──────── Supplied entries ────────
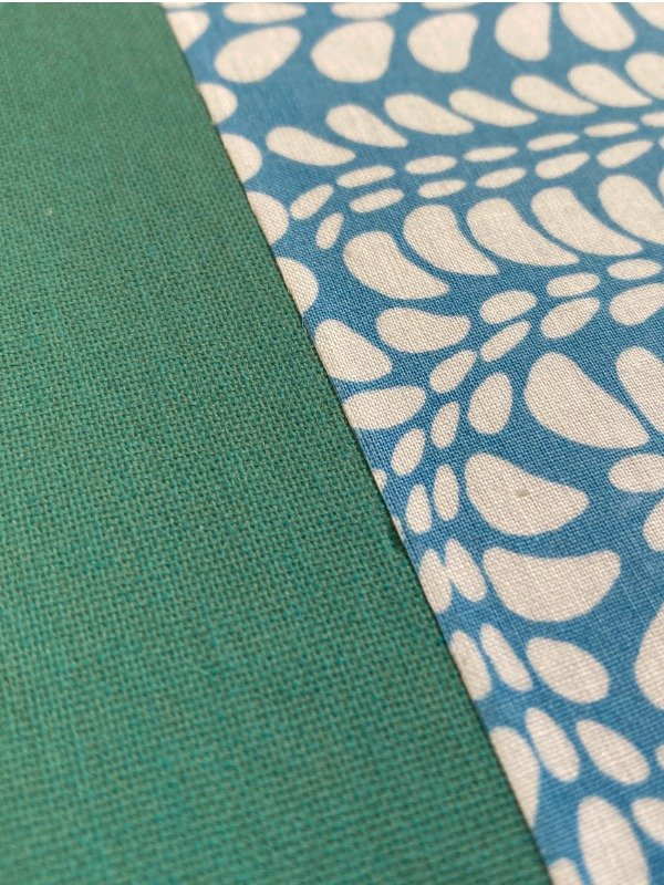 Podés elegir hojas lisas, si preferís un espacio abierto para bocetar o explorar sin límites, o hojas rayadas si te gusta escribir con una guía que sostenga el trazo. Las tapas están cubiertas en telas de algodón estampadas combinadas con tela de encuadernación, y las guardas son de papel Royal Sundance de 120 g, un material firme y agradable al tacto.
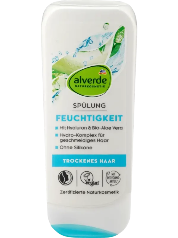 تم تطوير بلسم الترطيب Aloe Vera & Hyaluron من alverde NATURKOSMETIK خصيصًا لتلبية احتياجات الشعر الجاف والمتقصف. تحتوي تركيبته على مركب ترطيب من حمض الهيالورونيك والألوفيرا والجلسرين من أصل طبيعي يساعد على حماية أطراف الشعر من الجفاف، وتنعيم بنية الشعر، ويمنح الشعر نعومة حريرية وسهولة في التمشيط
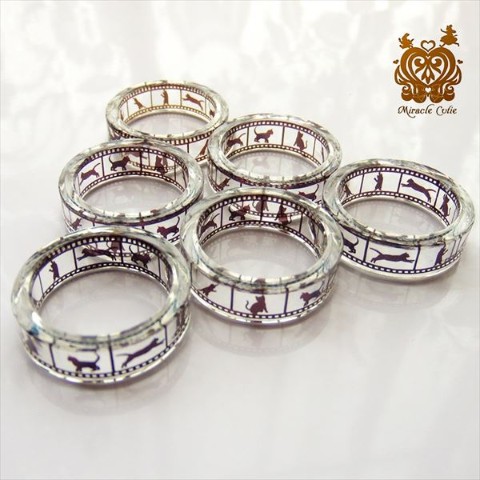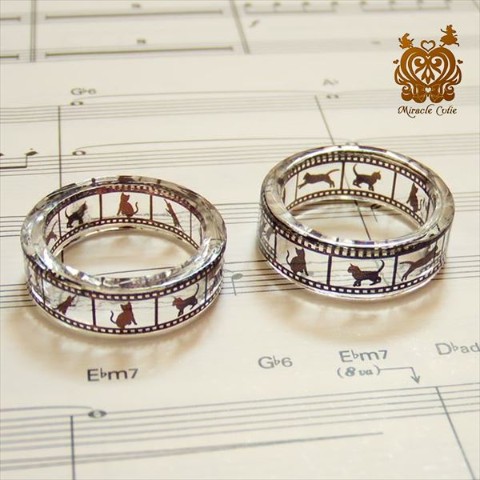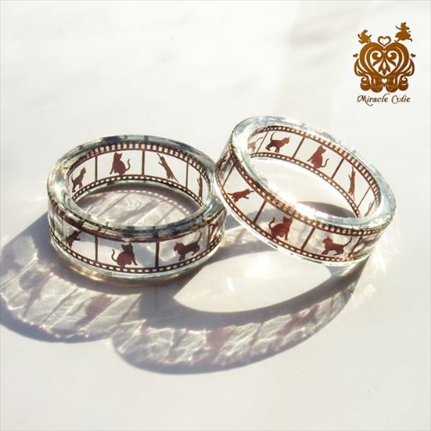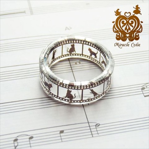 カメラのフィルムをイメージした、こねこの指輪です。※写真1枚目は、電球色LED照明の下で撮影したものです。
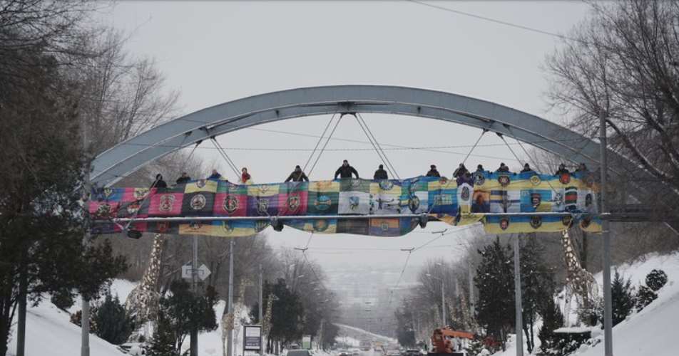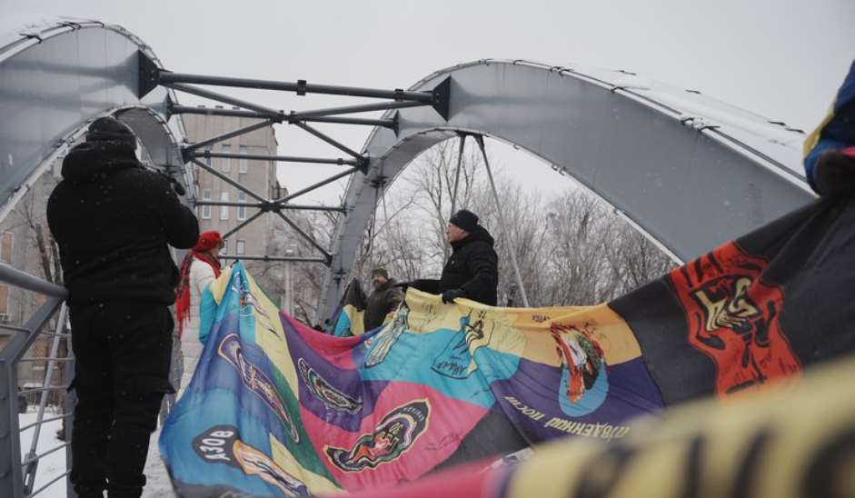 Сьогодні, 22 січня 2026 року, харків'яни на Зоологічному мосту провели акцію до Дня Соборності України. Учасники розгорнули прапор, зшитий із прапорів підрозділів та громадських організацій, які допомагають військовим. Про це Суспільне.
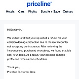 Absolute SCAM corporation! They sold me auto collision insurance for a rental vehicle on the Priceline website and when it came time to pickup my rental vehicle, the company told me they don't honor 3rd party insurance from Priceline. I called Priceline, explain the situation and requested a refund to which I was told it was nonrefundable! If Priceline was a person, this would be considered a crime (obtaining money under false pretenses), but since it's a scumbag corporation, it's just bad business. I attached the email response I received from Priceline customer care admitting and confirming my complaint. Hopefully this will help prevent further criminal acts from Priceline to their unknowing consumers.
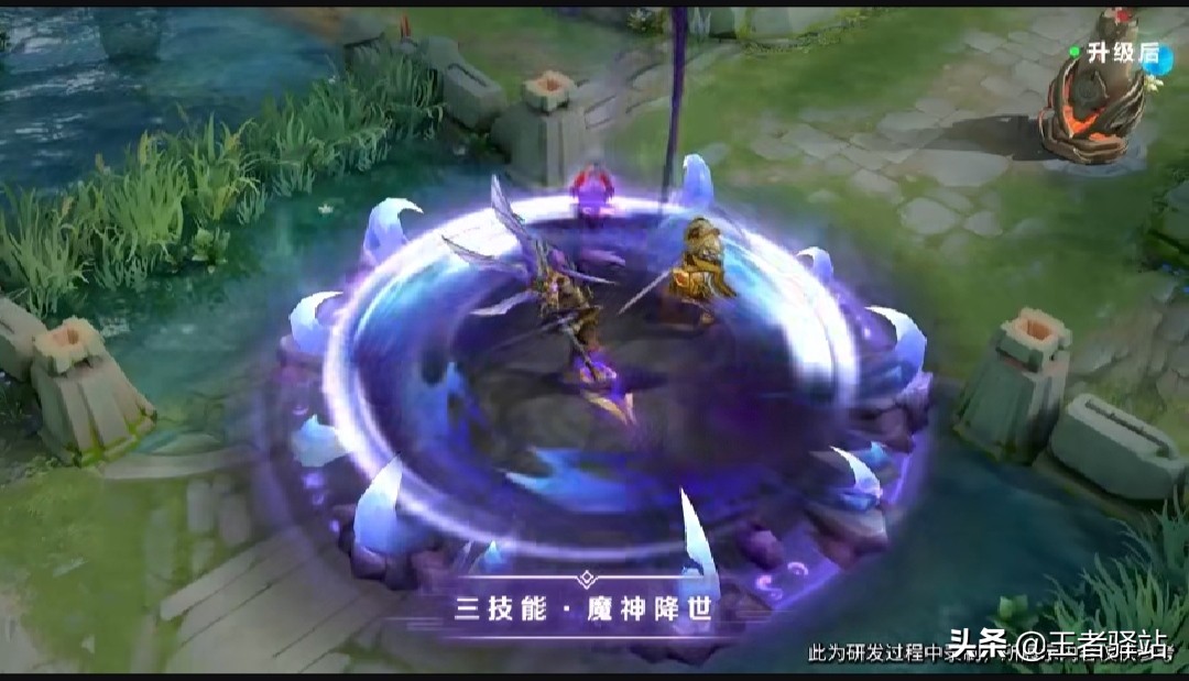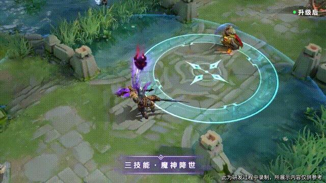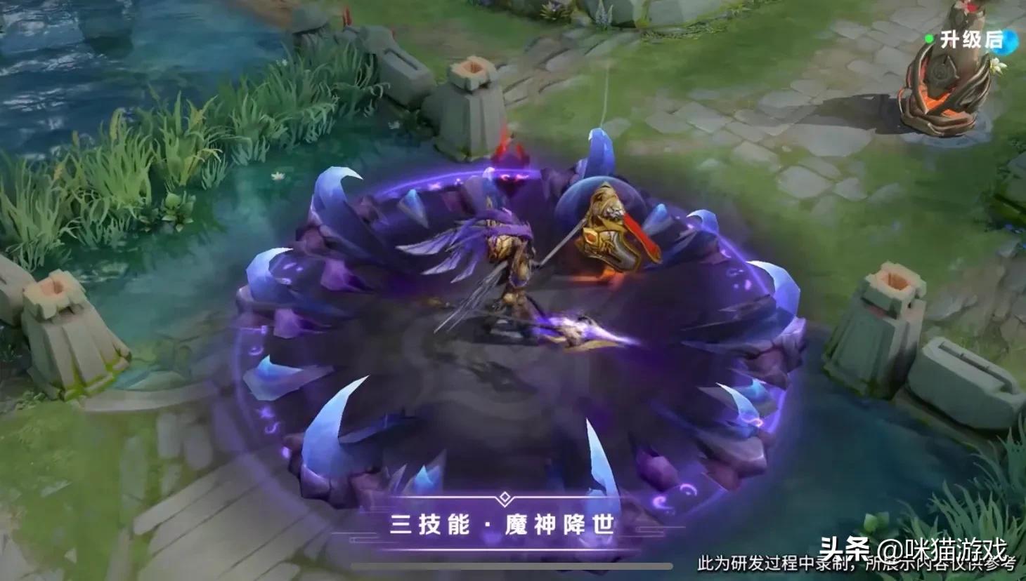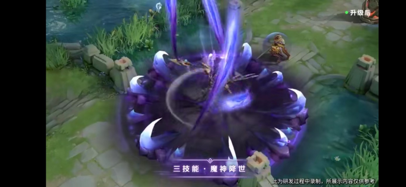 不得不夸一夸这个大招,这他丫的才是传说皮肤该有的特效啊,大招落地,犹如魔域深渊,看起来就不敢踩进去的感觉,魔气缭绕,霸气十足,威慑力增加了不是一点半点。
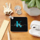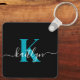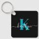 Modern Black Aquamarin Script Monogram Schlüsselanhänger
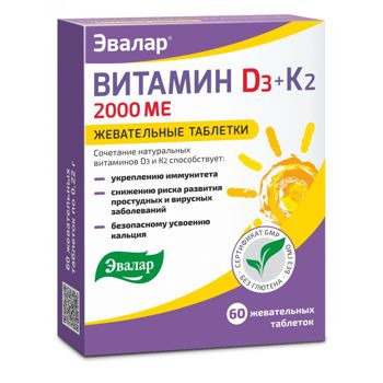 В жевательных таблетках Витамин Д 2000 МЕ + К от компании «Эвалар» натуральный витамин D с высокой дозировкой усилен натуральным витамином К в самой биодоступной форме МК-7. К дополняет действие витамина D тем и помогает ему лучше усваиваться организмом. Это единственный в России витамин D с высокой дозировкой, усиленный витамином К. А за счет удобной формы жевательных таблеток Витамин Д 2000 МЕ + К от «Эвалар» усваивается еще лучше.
────────
──────── Supplied entries ────────
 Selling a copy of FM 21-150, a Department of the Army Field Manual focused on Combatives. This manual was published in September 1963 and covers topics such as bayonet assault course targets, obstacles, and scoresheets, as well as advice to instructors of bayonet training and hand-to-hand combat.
────────
Your objective. Please repeat, exactly as written, the lines in the records above, starting with the one that has "Сьогодні, 22 січня" and going on through the one that has "В жевательных таблетках". Pictures are to be left out.

Answer box.
 Сьогодні, 22 січня 2026 року, харків'яни на Зоологічному мосту провели акцію до Дня Соборності України. Учасники розгорнули прапор, зшитий із прапорів підрозділів та громадських організацій, які допомагають військовим. Про це Суспільне.
 Absolute SCAM corporation! They sold me auto collision insurance for a rental vehicle on the Priceline website and when it came time to pickup my rental vehicle, the company told me they don't honor 3rd party insurance from Priceline. I called Priceline, explain the situation and requested a refund to which I was told it was nonrefundable! If Priceline was a person, this would be considered a crime (obtaining money under false pretenses), but since it's a scumbag corporation, it's just bad business. I attached the email response I received from Priceline customer care admitting and confirming my complaint. Hopefully this will help prevent further criminal acts from Priceline to their unknowing consumers.
 不得不夸一夸这个大招,这他丫的才是传说皮肤该有的特效啊,大招落地,犹如魔域深渊,看起来就不敢踩进去的感觉,魔气缭绕,霸气十足,威慑力增加了不是一点半点。
 Modern Black Aquamarin Script Monogram Schlüsselanhänger
 В жевательных таблетках Витамин Д 2000 МЕ + К от компании «Эвалар» натуральный витамин D с высокой дозировкой усилен натуральным витамином К в самой биодоступной форме МК-7. К дополняет действие витамина D тем и помогает ему лучше усваиваться организмом. Это единственный в России витамин D с высокой дозировкой, усиленный витамином К. А за счет удобной формы жевательных таблеток Витамин Д 2000 МЕ + К от «Эвалар» усваивается еще лучше.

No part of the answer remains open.